Presumably that includes flight attendants, but as Greenwald reminded me, you can meet a jerk anywhere.

Good perspective.

For more, I turned to Roger Cargile, a friend of mine who retired in 2003 after 24 years as an American Airlines flight attendant. Cargile described the balancing act between enforcing rules and being empathetic that flight attendants follow every day. “As a human being, I can’t say, ‘Sit there in agony.’ ”

Because, really, isn’t sitting in coach agony enough?

Besides, it’s rude not to help someone in need, although one expert -- a professor at Johns Hopkins and the author of “Choosing Civility: The Twenty-Five Rules of Considerate Conduct,” no less -- thinks the passenger could have resolved the loo to-do herself.

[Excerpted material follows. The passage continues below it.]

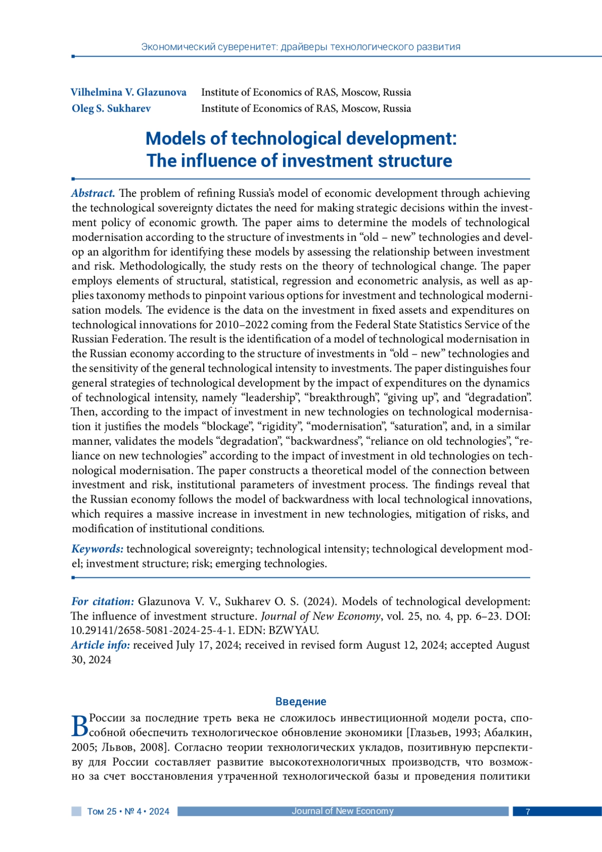 Проблема обновления модели экономического развития России на базе достижения технологического суверенитета требует выработки стратегических решений в рамках инвестиционной политики экономического роста. Статья посвящена определению моделей технологического обновления по структуре инвестиций в «старые – новые» технологии и разработке алгоритма выявления этих моделей на основе оценки связи инвестиций и риска. Методологическая база исследования представлена теорией технологических изменений. Методы включают элементы структурного, статистического, регрессионного и эконометрического анализа, а также применяются методы таксономии, позволяющие выделить различные варианты моделей инвестирования и технологического обновления. Информационную базу составили статистические данные Росстата за 2010–2022 гг., представленные показателями инвестиций в основной капитал и затратами на технологические инновации. Результатом является идентификация модели технологического обновления российской экономики по структуре инвестиций в «старые – новые» технологии и чувствительности общего показателя технологичности к инвестициям. Выделены стратегии технологического развития по влиянию расходов на динамику технологичности в виде «лидерства», «рывка», «сдачи позиций» и «деградации». По влиянию инвестиций в новые технологии на технологическое обновление обоснованы модели: «блокировки», «ригидности», «обновления» и «насыщения». Аналогичный подход реализован к инвестициям в старые технологии с выделением моделей: «деградации», «отсталости», «опоры на старые технологии», «опоры на новые технологии». Построена теоретическая модель связи инвестиций и риска, институциональных параметров процесса инвестирования. Выявлено, что российская экономика обнаруживает модель отсталости с локальными технологическими инновациями, что требует масштабного увеличения инвестиций в новые технологии, снижения рисков и модификации институциональных условий.

“Sheila could have said, ‘I am about to have an accident. What do you suggest that I do?’ This way she would have shown her willingness to respect the steward’s authority,” says P.M. Forni. “Escorting Sheila to the toilet and telling her, ‘Please return to your seat as soon as possible’ seems like a reasonable solution to me.”

As for the display of national superiority?

It might feel satisfying to mutter the “saved your French bacon in World War II” mantra under your breath, but it’s really just mental mudslinging. Let it go.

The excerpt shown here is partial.